[[ GIVEN DATA, beginning ]]

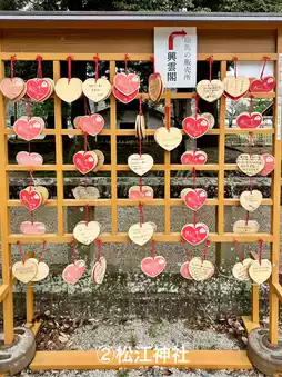 Heart-shaped votive plaques are sold at Kounkaku and Buratto Matsue Tourist Information Center.
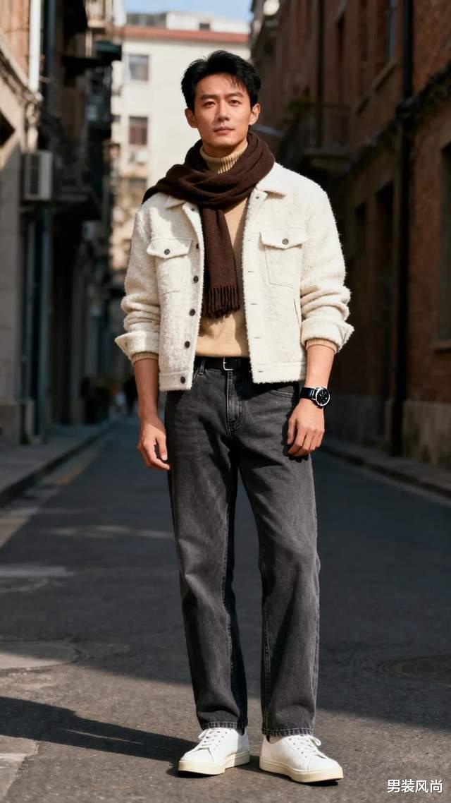 米白色粗呢外套+浅驼色高领毛衣+深灰色直筒西裤,温柔的浅色系组合,适合城市休闲场景,搭配黑色复古腕表,平衡浅色系的轻飘感。
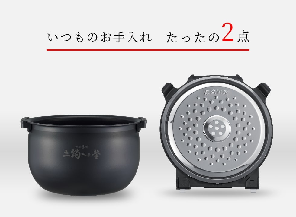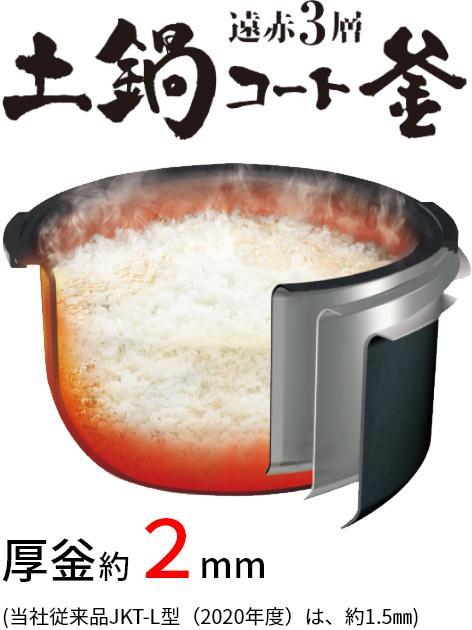 -Xoong bên trong dày 2mm được phủ lớp men chống dính, tạo ra nhiệt hiệu quả nhờ cấu trúc 3 lớp kim loại, lớp phủ hồng ngoại tăng cường hiệu ứng hồng ngoại, giúp hơi nước thấm đều vào từng hạt gạo tạo ra cơm có độ dẻo vào ngon hơn.
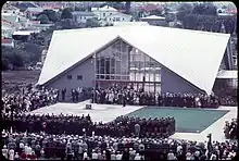 The Mount Albert shops flourished in the 1950s and 1960s.[38] During the 1960s, Mount Albert had a significantly older population than the surrounding areas of Auckland.[39] In April 1961, the Mount Albert War Memorial Hall, a large modernist community centre, was constructed.[40] Urban Māori and Pasifika communities grew in the area from the 1950s onwards, and increased in the 1970s due to the gentrification of the inner city suburbs close to the Auckland city centre.[41] The Mount Albert shopping village began to go into a decline in the 1970s, after the establishment of the St Lukes Shopping Centre to the north.[42]
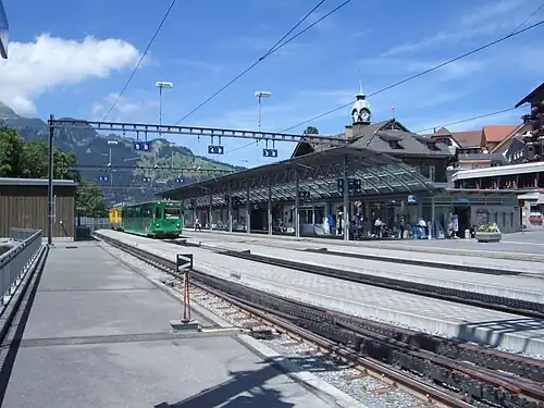 Wengen is a railway station in the car free resort of Wengen in the Bernese Oberland region of Switzerland. The station is on the Wengernalpbahn (WAB), whose trains operate from Lauterbrunnen to Kleine Scheidegg via Wengen. Administratively, the station is in the municipality of Lauterbrunnen in the canton of Bern.[1][2]

[[ GIVEN DATA, end ]]

_EXERCISE_
Look above for the line with "米白色粗呢外套+浅驼色高领毛" and copy exactly from it through the line with "-Xoong bên trong", both included. Omit the pictures.

_RESULT OF THIS TASK_
 米白色粗呢外套+浅驼色高领毛衣+深灰色直筒西裤,温柔的浅色系组合,适合城市休闲场景,搭配黑色复古腕表,平衡浅色系的轻飘感。
 -Xoong bên trong dày 2mm được phủ lớp men chống dính, tạo ra nhiệt hiệu quả nhờ cấu trúc 3 lớp kim loại, lớp phủ hồng ngoại tăng cường hiệu ứng hồng ngoại, giúp hơi nước thấm đều vào từng hạt gạo tạo ra cơm có độ dẻo vào ngon hơn.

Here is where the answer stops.